His return to his form as a front-line Major League starter might take a little longer than that.

If Bonderman is going to learn to work with less velocity than he once had, to change speeds and hit corners and become more of a precision pitcher, Monday's 6-1 Tigers loss to the White Sox will have to serve as a learning experience. Bonderman's fastball continues to make little gains each time out, but his effort to change speeds did almost nothing to throw Chicago hitters off their timing at the plate.

If Bonderman's pitches weren't precise, his effort to describe his feelings about his outing was. He essentially summed it up as poor. His manager wasn't much more verbose.

"Not too good," Jim Leyland said.

Leyland was much more concerned about his offense, which he said had "terrible, sickening at-bats" and "weak swings" against White Sox starter Jose Contreras. And had the Tigers scored some early runs, Leyland suggested, it might've allowed Bonderman to loosen up. Still, he described Bonderman's return as a process.

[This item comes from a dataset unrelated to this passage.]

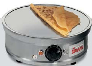
CREPIERA TONDA CON INCAVO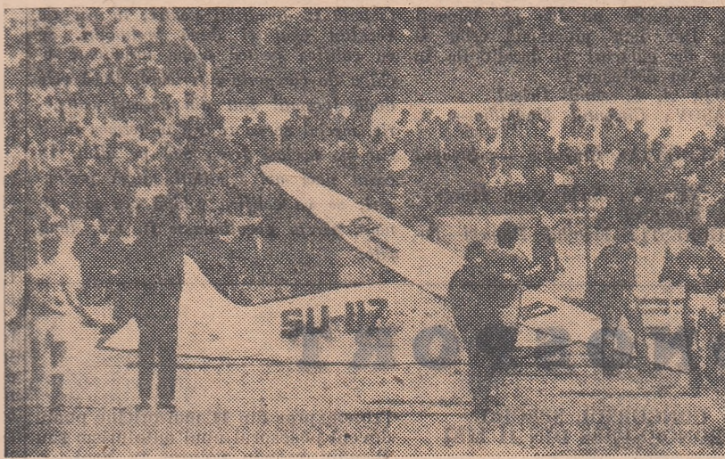
Acest avion a aterizat pe un teren de fotbal! Ineditul s-a produs pe stadionul Arsenal din Tîrsana (R.A.U.), în „deschidere“ la meciul de „cupă“ dintre Zamalek și Tîrsana (2-0). Defectîndu-se elicea, pilotul a fost nevoit să aterizeze forțat cu micul avion de sport „Piper“ pe cel mai apropiat teren favorabil. Din fericire aterizarea nu s-a produs în timpul partidei.

"It was his first outing, so I can certainly give him some slack there," Leyland said. "But I'm not going to sugarcoat the outing. The silver lining in the cloud is that he looked healthy. That doesn't appear to be an issue. He threw a few balls at 90 mph, so those are some signs of hope there. But his outing in general was not good, that simple. And the offense was worse."

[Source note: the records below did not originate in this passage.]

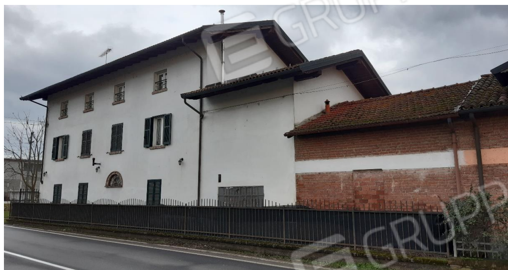
Vista generale dalla provinciale 155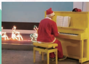
2番街の中庭でも点灯式が。ピアノを弾くサンタさんは？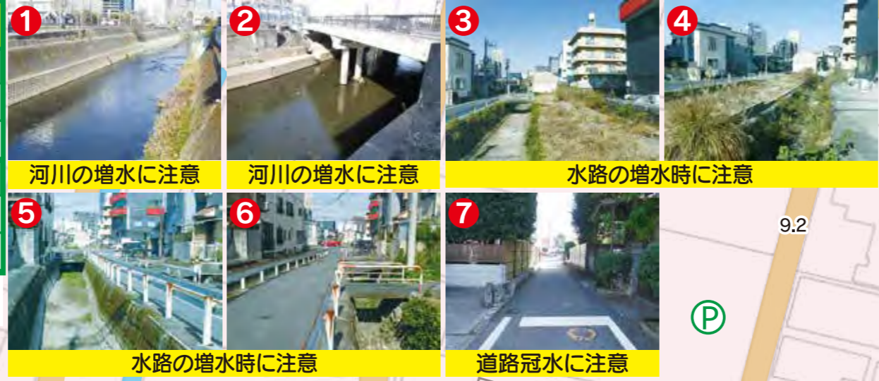
1 河川の増水に注意 2 河川の増水に注意 3 水路の増水時に注意 4 水路の増水時に注意 5 水路の増水時に注意 6 水路の増水時に注意 7 道路冠水に注意

In that case, Bonderman's return to the big leagues wasn't the destination, but another leg to the journey. And he has longer to go. Contreras, who had been sent to Triple-A Charlotte in mid-May to work out his issues, had Major League innings under his belt. Bonderman is still building his strength.

The Chicago victory salvaged a doubleheader split after Detroit took the opener with a 5-4 comeback win Monday afternoon. Armando Galarraga survived a 33-pitch opening inning to toss a quality start in the first game, but Bonderman struggled to shake off the troubles that began when Alexei Ramirez pulled a line drive to left for a solo homer as Bonderman's second batter of the night.

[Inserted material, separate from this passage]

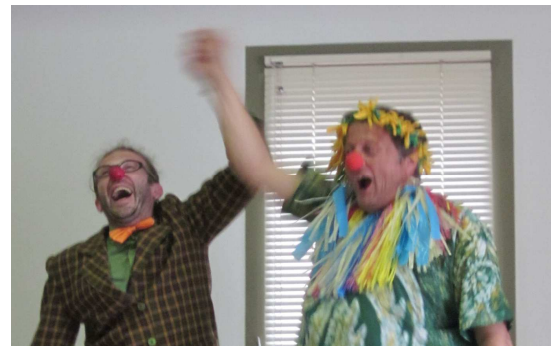
Merci à Richart Maire pour ses dessins

The pitch itself was a positive, a 91-mph fastball that represented a pretty good step in velocity from Bonderman's last rehab start eight days earlier at Triple-A Toledo. The resulting drive left the park faster, sending left fielder Josh Anderson in full retreat to the fence before he could only watch it continue into the bullpen. A Jermaine Dye double and two walks loaded the bases and sent Zach Miner warming up in the bullpen before shortstop Ramon Santiago made a running catch in short left field to escape the jam.

Another fastball to Scott Podsednik went out to right for his first home run of the year with two outs in the second inning. Jim Thome's 10th home run on the season, a two-run shot, made Bonderman pay for a two-seamer that caught too much of the plate in the third.

The three homers marked the most Bonderman has allowed in a game since giving up four at Philadelphia on June 15, 2007. Three straight singles chased him from the game with nobody out in the fifth.

Ironically, Bonderman's return came against the same organization he faced in that final rehab outing for the Mud Hens, but a different level of hitters. Rookie third baseman Gordon Beckham was the only Charlotte hitter from that rehab start who was in the White Sox lineup Monday.

Short of a gem of a performance, however, it seemed unlikely that Bonderman would've given the Tigers any momentum against Contreras, who stole the comeback spotlight. His mercurial history against Detroit includes everything from a complete-game shutout in 2006 to a nine-run bashing a year later. Monday's performance was much more like the former.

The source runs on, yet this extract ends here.